State Bank of Pakistan (SBP) Governor Jameel Ahmad on Thursday said the country’s economy was projected to grow between 3.75% and 4.75% in FY26, signalling a gradual recovery amid improving macroeconomic indicators.
The central bank chief’s remarks came during the Agricultural Credit Advisory Committee (ACAC) meeting held to review the performance of agricultural loans.
SBP chief reiterated that Pakistan had regained macroeconomic stability and was moving towards sustainable growth.
GDP growth in the first quarter of FY26 was 3.7%; the full-year estimate is 3.75 to 4.75%, according to SBP chief. Meanwhile, general inflation decreased to 5.8% in January 2026.
A record amount of Rs2.58 trillion in agricultural loans was disbursed in FY25, an increase of 16% year-on-year, said Ahmad.
Meanwhile, agri loans worth Rs1,412 billion were disbursed in the first half of FY26, whereas the number of borrowers increased to 2.97 million, he added.
Governor SBP emphasised the use of the Zarkhez-e scheme to increase access to agricultural loans.
The SBP ACAC considered the promotion of electronic warehouse reset financing to increase post-harvest liquidity. Electronic warehouse reset financing aims to reduce forced sales of crops and strengthen agricultural market linkages.
The governor underscored that agriculture remained critical for improving farm productivity, supporting rural livelihoods, and ensuring food security.
He emphasised the need to strengthen agricultural financial intermediation to support value addition, market linkages, and sustainable growth in the sector.

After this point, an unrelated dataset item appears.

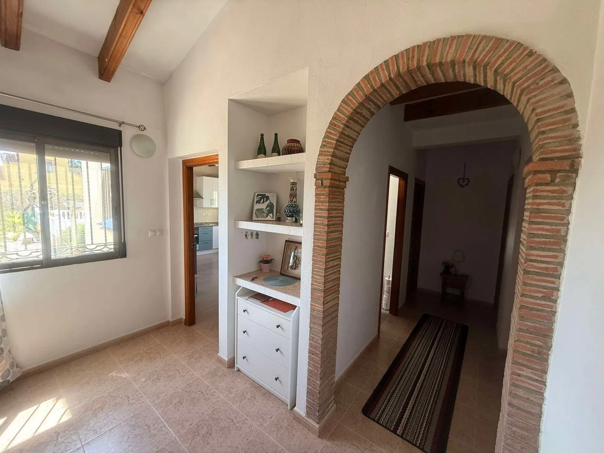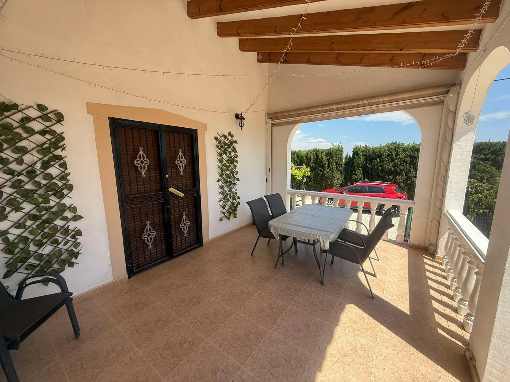JL Morales Real Estate está muy contento de traer esta impresionante villa familiar al mercado. Esta propiedad tiene una superficie construida de 174 m2 distribuidos en dos plantas y se encuentra dentro de su propia parcela privada ajardinada de 1565m2. Al entrar en la propiedad desde la terraza cubierta, se encuentra en el pasillo substancial. Desde aquí, encontrará la sala de estar. A la izquierda está la gran cocina comedor totalmente equipada. Derecho a lo largo del pasillo tiene tres de los cuatro dormitorios. Todas son dobles de buen tamaño con armarios empotrados. Uno está siendo actualmente siendo utilizado como una oficina en casa. Hay un cuarto de baño recientemente reformado en este nivel que incorpora una gran cabina de ducha. El maestro también en este nivel tiene un gran cuarto de baño recién reformado de nuevo con cabina de ducha. A la derecha del pasillo es el salón de triple aspecto con puerta de acceso a la terraza cubierta. La calefacción es por una estufa de leña en la chimenea. Hay una escalera, fuera de la sala de estar, que conduce a la cuarta habitación doble con armarios empotrados y un cuarto de baño con ducha. También tiene la ventaja añadida de acceso a una impresionante orientación sur solarium en la azotea con vistas al jardín y el campo circundante. Todo el jardín ha sido bellamente ajardinado con varios arbustos y árboles maduros. Encontrarás una zona de barbacoa a un lado de la propiedad y dos trasteros uno en forma de un gran cobertizo de madera 3x3m el otro un taller, una cochera para un coche y un montón de espacio para el estacionamiento de otros. Esta propiedad también tiene los beneficios añadidos de aire acondicionado frío y caliente en todo, y se vende totalmente amueblado a un nivel muy alto. Situado en el campo de Dolores es sólo un corto de 5 minutos en la ciudad de Dolores o Catral, donde encontrará todas las tiendas, bares, restaurantes y servicios. Acceso a las hermosas playas de La Marina dentro de 15 minutos y el aeropuerto internacional de Alicante dentro de 30 minutos en coche. En definitiva, una propiedad impresionante y realmente es una visita obligada.

To accelerate borrower expansion, particularly among small farmers in the underserved and unserved areas, Jameel urged banks to fully leverage SBP’s initiatives, including the Risk Coverage Scheme for Small Farmers and Underserved Areas and Zarkheze, SBP’s flagship digital platform for agricultural lending.
The ACAC reviewed progress under Zarkheze, which represents a major step towards the digital transformation of agricultural credit delivery in Pakistan.
Earlier, Jameel, in a written response to Reuters, said that financial conditions had eased significantly following a cumulative 1,150-basis-point cut in the policy rate since June 2024, and that the full impact was still feeding through.
This, he said, was supporting growth while preserving price and economic stability.
The central bank last month held its benchmark rate at 10.5%, defying expectations for a cut. The divergence with the IMF comes at a delicate moment for Pakistan, which is emerging from a balance-of-payments crisis under a $7 billion IMF programme.